(Exercise goal) The full set of lines below has to be duplicated exactly, with no picture kept.

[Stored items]
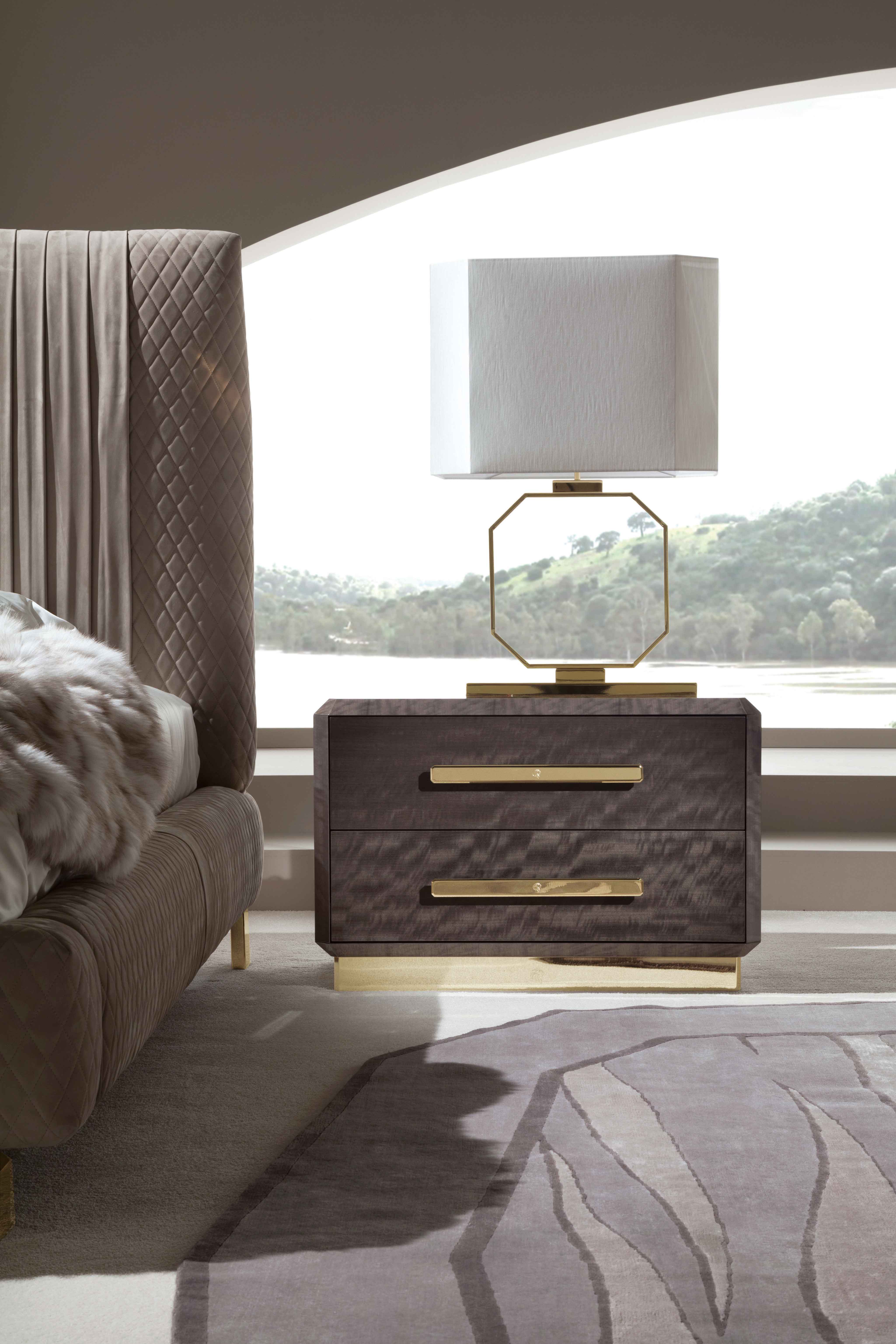 马科雷红木贴面的夜桌与高球聚酯完成。镶嵌贴面顶部,2个全扩展抽屉,底部部分在天鹅绒织物。底座和手柄在浅金色铬不锈钢与乔治收藏标志。
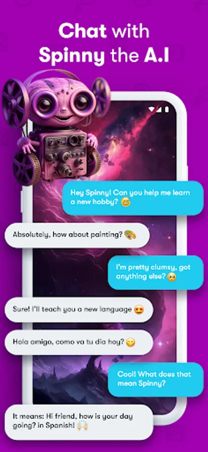 • Talk to your very own A.I. chat friend, Spinny! Powered by ChatGPT.
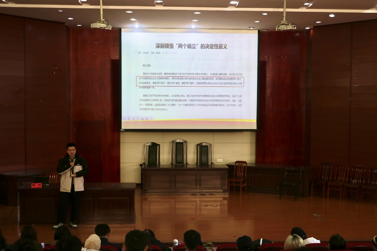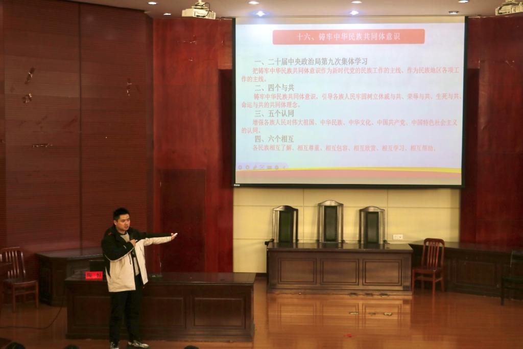 在课程的尾声,陶恒老师告诫同学们要深刻领悟“两个确立”的决定性意义,增强“四个意识”,坚定“四个自信”,做到“两个维护”,自觉在思想上、政治上、行动上同以习近平同志为核心的党中央保持高度一致。最后,他着重强调了助力实现中华民族伟大复兴的中国梦的重要性,并提出青年团员要把握好铸牢中华民族共同体意识的思想路线,不断提升自己的民族素养和团结意识,为构建中华民族共同体贡献自己的力量。
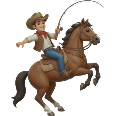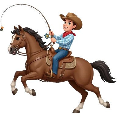 a cowboy falling off a horse with a fishing rod in his hand emoji
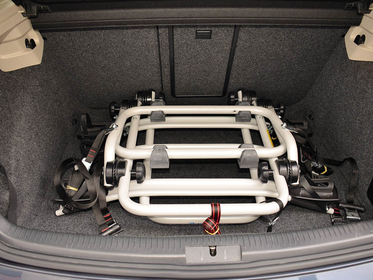 Zamontowany bagażnik (bez rowerów) umożliwia otwarcie klapy samochodu, natomiast po złożeniu uchwytu zajmuje on mało miejsca.
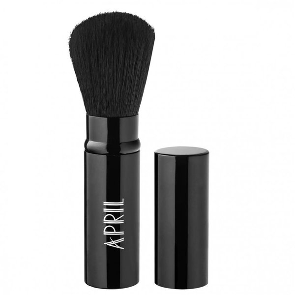 Un pinceau compact facilement transportable, conçu pour appliquer les poudres de teint et fards à joues.
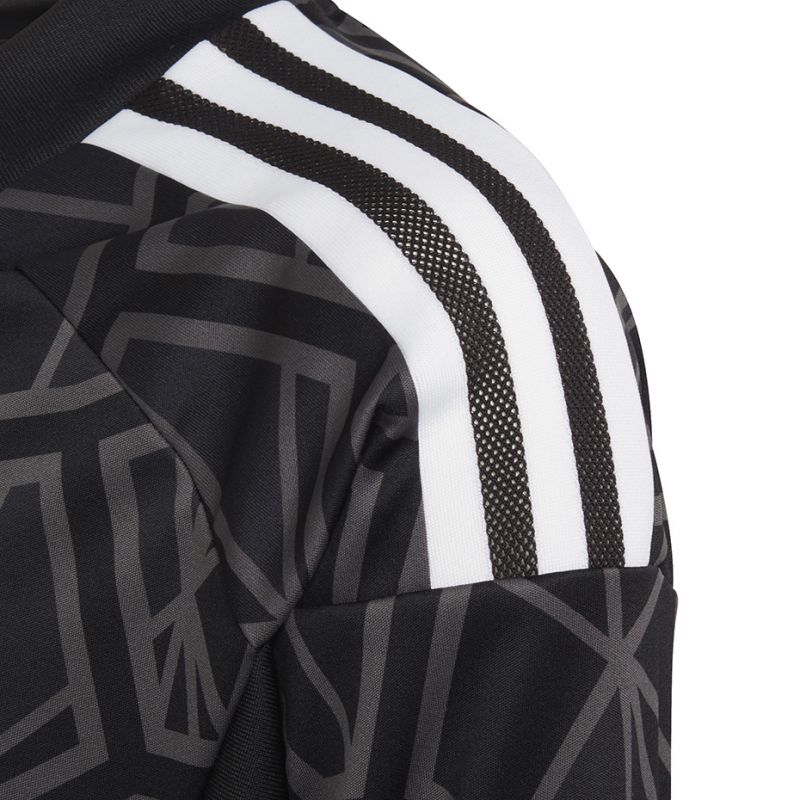 adidas Condivo 22 Langarmtrikot für Kinder, Schwarz HB1643. Dieses adidas Torwarttrikot für Kinder hilft dir, deine Abwehr zu verbessern. Schnelltrocknendes Material. Die Aeroready-Technologie belüftet den Körper und leitet Feuchtigkeit ab. Normale Passform. Kontrastgrafiken. Verlängerter Saum hinten. Kleine Seitenschlitze. V-Ausschnitt. Gerippte Einsätze an den Ärmeln und unter den Armen. Schultergurte. Etwas kürzere Ärmel. Kleines Logo. Material: 100 % recyceltes Polyester
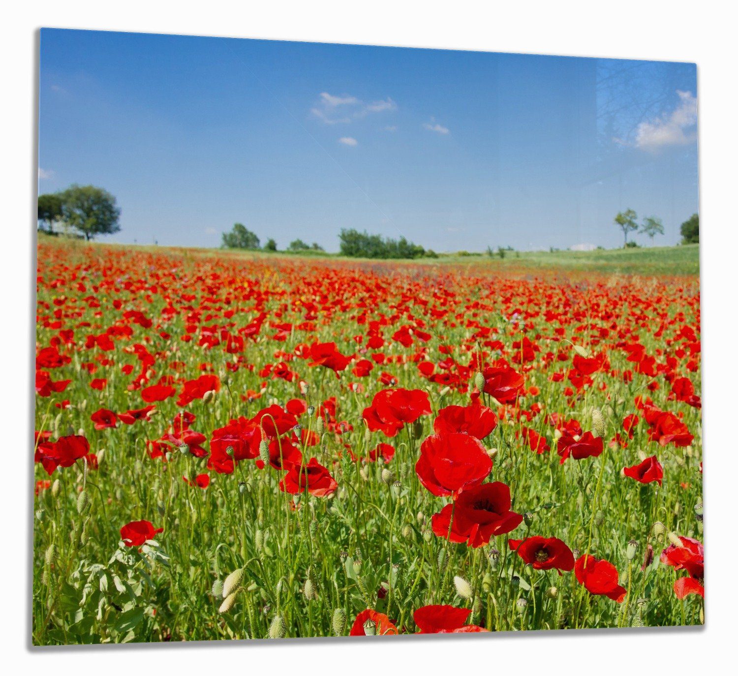 Wallario Herd-Abdeckplatte Mohnblumenfeld- rote Blumen unter blauem Himmel, ESG-Sicherheitsglas, (Glasplatte, 1 tlg., inkl. 5mm Noppen), verschiedene Größen
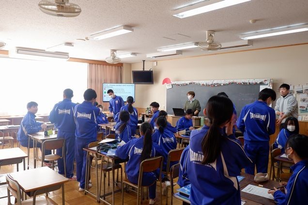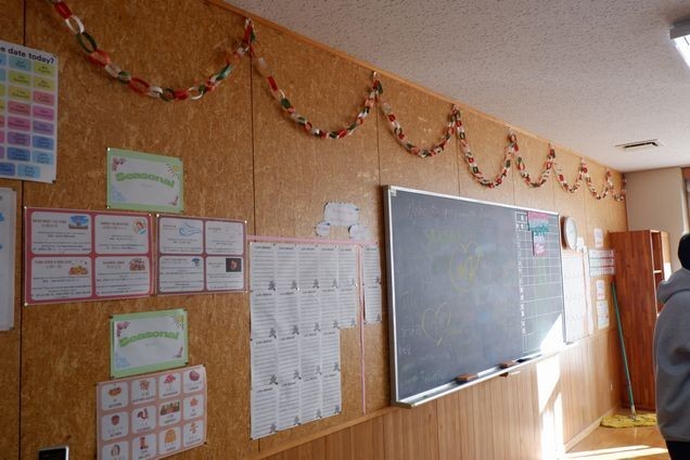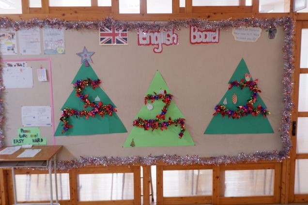 ALTの先生と授業をする時は、英語ルームで行います。英語ルームの廊下にあるイングリッシュボードは、クリスマスの飾り付けになっています。教室の前後の黒板にも飾り付けがされています。声が聞こえるので見てみると、3年生が楽しそうに
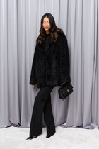 Верхняя часть выполнена из текстурированной меховой ткани, создающей уютный и объемный эффект. Нижняя часть и детали отделки выполнены из гладкой, сияющей экокожи, добавляющей образу динамики и современности.
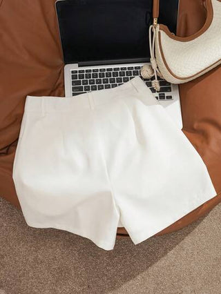 INAWLY شورت أبيض فضفاض عالي الخصر كاجوال للنساء، شورت بساق واسعة مخفف

(Task response)
 马科雷红木贴面的夜桌与高球聚酯完成。镶嵌贴面顶部,2个全扩展抽屉,底部部分在天鹅绒织物。底座和手柄在浅金色铬不锈钢与乔治收藏标志。
 • Talk to your very own A.I. chat friend, Spinny! Powered by ChatGPT.
 在课程的尾声,陶恒老师告诫同学们要深刻领悟“两个确立”的决定性意义,增强“四个意识”,坚定“四个自信”,做到“两个维护”,自觉在思想上、政治上、行动上同以习近平同志为核心的党中央保持高度一致。最后,他着重强调了助力实现中华民族伟大复兴的中国梦的重要性,并提出青年团员要把握好铸牢中华民族共同体意识的思想路线,不断提升自己的民族素养和团结意识,为构建中华民族共同体贡献自己的力量。
 a cowboy falling off a horse with a fishing rod in his hand emoji
 Zamontowany bagażnik (bez rowerów) umożliwia otwarcie klapy samochodu, natomiast po złożeniu uchwytu zajmuje on mało miejsca.
 Un pinceau compact facilement transportable, conçu pour appliquer les poudres de teint et fards à joues.
 adidas Condivo 22 Langarmtrikot für Kinder, Schwarz HB1643. Dieses adidas Torwarttrikot für Kinder hilft dir, deine Abwehr zu verbessern. Schnelltrocknendes Material. Die Aeroready-Technologie belüftet den Körper und leitet Feuchtigkeit ab. Normale Passform. Kontrastgrafiken. Verlängerter Saum hinten. Kleine Seitenschlitze. V-Ausschnitt. Gerippte Einsätze an den Ärmeln und unter den Armen. Schultergurte. Etwas kürzere Ärmel. Kleines Logo. Material: 100 % recyceltes Polyester
 Wallario Herd-Abdeckplatte Mohnblumenfeld- rote Blumen unter blauem Himmel, ESG-Sicherheitsglas, (Glasplatte, 1 tlg., inkl. 5mm Noppen), verschiedene Größen
 ALTの先生と授業をする時は、英語ルームで行います。英語ルームの廊下にあるイングリッシュボードは、クリスマスの飾り付けになっています。教室の前後の黒板にも飾り付けがされています。声が聞こえるので見てみると、3年生が楽しそうに
 Верхняя часть выполнена из текстурированной меховой ткани, создающей уютный и объемный эффект. Нижняя часть и детали отделки выполнены из гладкой, сияющей экокожи, добавляющей образу динамики и современности.
 INAWLY شورت أبيض فضفاض عالي الخصر كاجوال للنساء، شورت بساق واسعة مخفف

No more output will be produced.